2008年7月10日 星期四

To win a lottery using Mathematics(2)

It would be difficult to illustrate without giving an concrete example, suppose you define the higher the sum of score of three dice as an indication of luckiness. At one day, you are not feeling lucky, and you draw the lowest sum of all: one, one, one, that has 1 out of 216 chance to happen. i.e. If we can rank what is most lucky and what is most unlucky, you are in the 216th of 216 ranks. Then you brought a quick pick of 6 numbers: 1,2,3,4,5,6; since you know that is not your lucky day, the chance of this number to appear in the lottery is 1/216. You can thus advise your friend not to pick any number from 1 to 6, which increase their chance of winning slightly. You can repeat the process to eliminate other numbers like 7,8,9,10,11,12; 13,14,15,16,17,18; 19,20,21,22,23,24; 25,26,27,28,29,30… until all but 6 number remained.
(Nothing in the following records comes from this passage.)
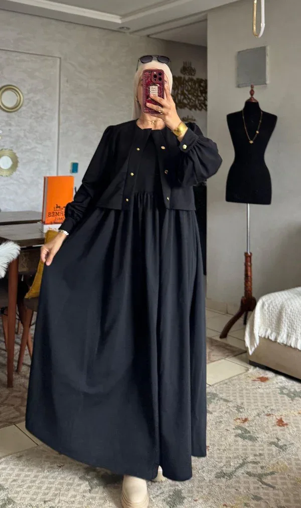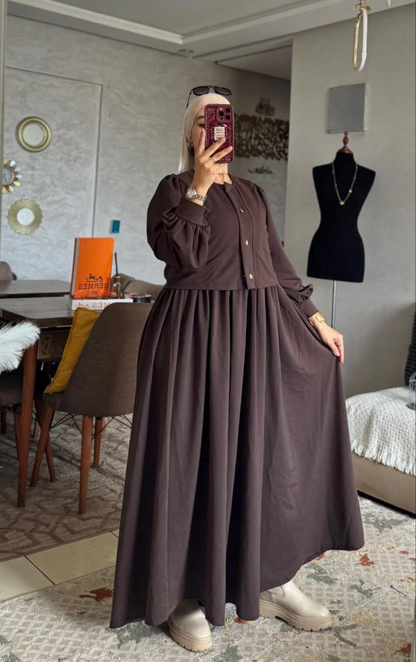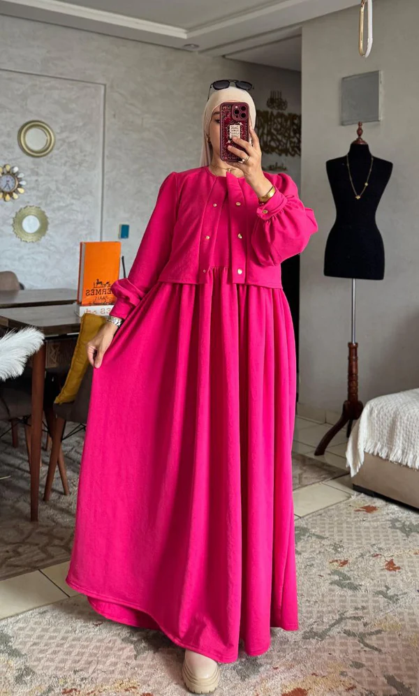 هاذ الفستان هو الاختيار المثالي لكل سيدة بغا تجمع بين الأناقة، الراحة، والفخامة 👌.
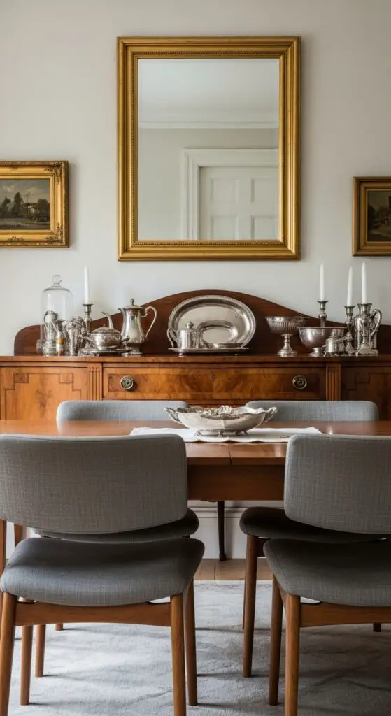 Carefully selected decorative objects can raise, heighten, or enhance your formal dining room from simply functional to truly memorable. You’ll want to incorporate heirloom accessories that tell your family’s story while maintaining sophisticated appeal. Consider sterling silver candlesticks, vintage crystal decanters, or antique serving pieces that add both beauty and purpose.
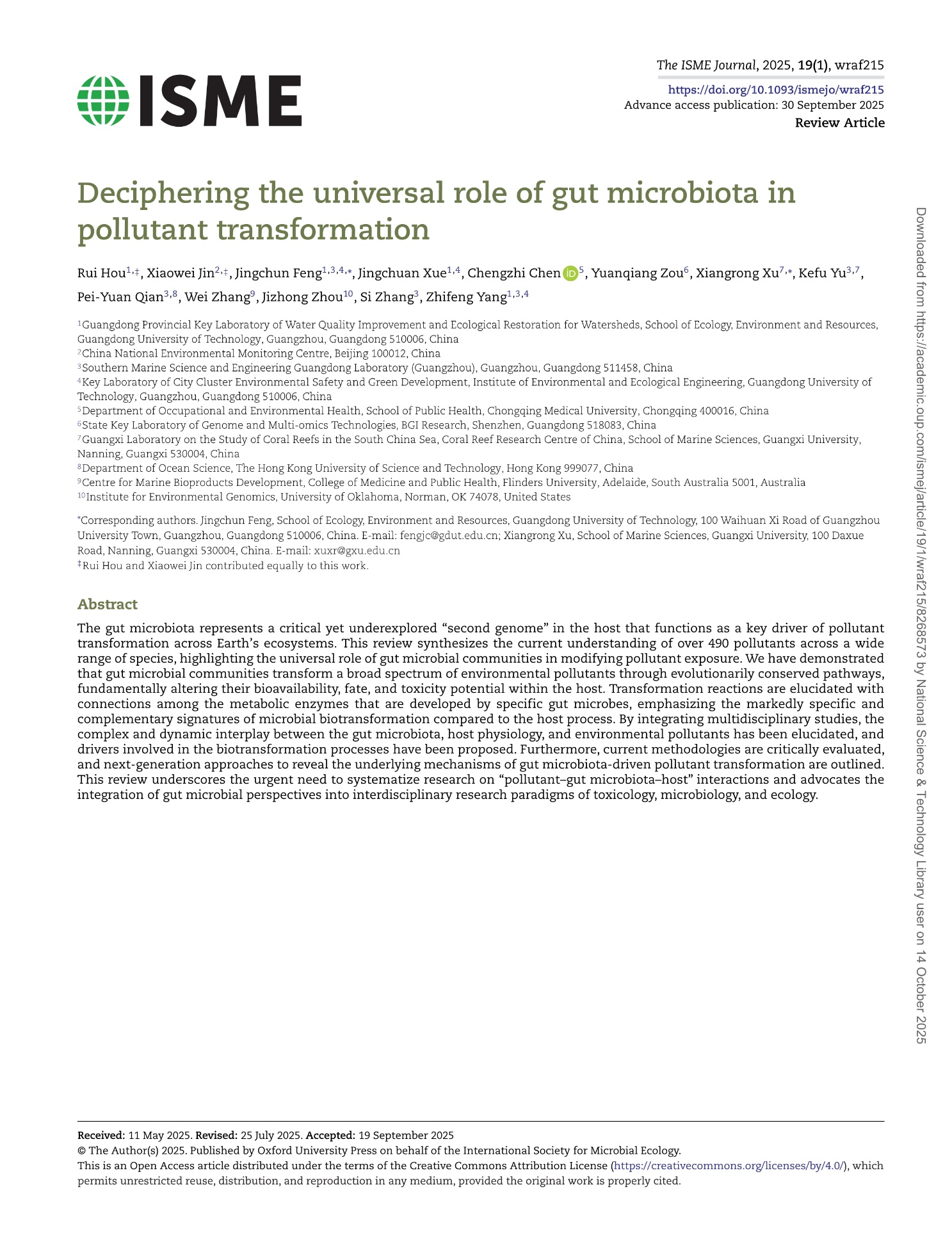 近日,公司携手广东工业大学、中国环境监测总站,在国际微生物生态学领域顶级期刊The ISME Journal(中国科公司一区Top)联合发表评论性综述论文 “Deciphering the Universal Role of Gut Microbiota in Pollutant Transformation(解读肠道微生物在污染物转化中的普遍作用)”。该综述开创性地以“同一个星球,同一个健康(One Planet, One Health)”为研究视角,对涵盖无脊椎动物至人类的13个类群生物的肠道微生物群对490多种环境污染物的转化能力。所涉及的污染物类型广泛,包括持久性有机污染物、重金属、药品和个人护理品、工业添加剂等。此外,论文还明确揭示了肠道微生物群在污染物转化过程中的普遍作用机制,深入探讨了该转化过程对污染物生物利用度、毒性水平及环境归趋的影响。在此基础上,研究团队进一步提出“污染物—肠道微生物群—宿主”相互作用的系统化研究方向,并倡导将肠道微生物的转化能力纳入跨学科研究范式,为相关领域研究提供全新思路。
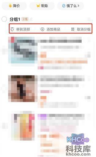 6、最后创建分组完成后,还可以进行移到顶部、添加商品、取消分组操作。
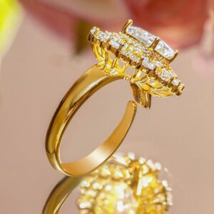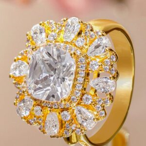 Ring : 18K gold-plated adjustable ring with cushion-cut Cubic Zirconia, framed by pear and round stones in a floral halo design, perfect for weddings, parties, and festive wear. Perfect for Elegant Styling: Whether paired with ethnic or western attire, this statement ring adds glamour and grace, ideal for cocktail events, festive gatherings, and special celebrations. Material : & Care Dimension : Ring Size : Adjustable Ring Material : Brass Net Quantity : 1 Ring Net Weight : 25 Gram Care Label : It is advisable to avoid contact with water and organic chemicals i.e. perfume sprays. Store jewellery in airtight box. After use, wipe the jewellery with soft cotton cloth.
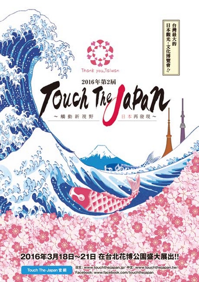 日本懷著「Thank You, Taiwan」的心意,從2015╱4╱17開始4天,於台北市國際展示會場「爭豔館」舉辦了第1屆Touch The Japan,擁有超過4萬人來場,以及包含13個電視台、31個節目與331則媒體報導,活動圓滿成功。
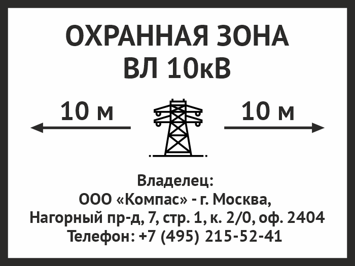 Знак «Охранная зона ВЛ 10 кВ (высоковольтной линии)», OZK-07 (пластик 2 мм, 400х300 мм) в Черкесске купить

That is something unusual given the computer picked number are most likely to repeated in each ticket. To fit the definition of being unlucky, it should reduce your chance of winning the lottery regardless of which strategy you devised to defeat it. So you should be expected to see a lot of overlapping numbers from each of the ticket your brought, because that would realistically defeat the scheme I devise here, otherwise the idea of a luckiness index is invalid. Say you have the worst luck of all, you have a repeat rate of five out of six(i.e., Given the first quick pick is 1,2,3,4,5,6; next quick pick is 2,3,4,5,6,7; and the 3th quick pick is 3,4,5,6,7,8), and it take you 37 more picks to eliminate all but 6 number out of 49. Nevertheless, you can pretty assured that the remaining number has a much higher chance (215/216) of appearing in the lottery.
On the other end, if you have the best of luck but not enough to win a lottery, this method could increase your chance of winning the lottery. How? Because which number doesn't appear in the quick pick must have a much lower chance to appear in lottery. You can apply this method in opposition direction. Since you are luck, it follows that the number of repeated number should be less for you to eliminate the one which has lower chance of winning the lotter.
Suppose we now have 216 people has luck ranked from 1 to 216th. If each of them buy a quick pick lottery ticket, since there is only one combination 6 out of 49 number that can win a lottery regardless of the luck of each buyer. We could easily use a computer program to guess which six number better fitted with 216 hypothesis that the chance of winning the lottery is reflected in luckiness index by throwing the dice three times. Of course, to further increase the number of quick pick that each person brought. For instance, each of them can get 6 quick pick, what the computer software has to do now is first evaluate 1296 hypothesis of different level of luckiness to get a coherent picture of the chance of each number appears in the lottery number; then evaluate the 36 hypothesis for fixed level of luckiness. So the computer can arrive at a coherent picture of the probability distribution of each number, and advise the best number to pick from.

Who would like to write such a computer software? It is just a lot of Mathematics. It can even apply this method in opposite, advising the buyer how many more quick picks to buy to maximize his/her chance of winning the lottery.

The opposite of unlucky is lucky. Shouldn't that lucky is the opposite of opposite of lucky?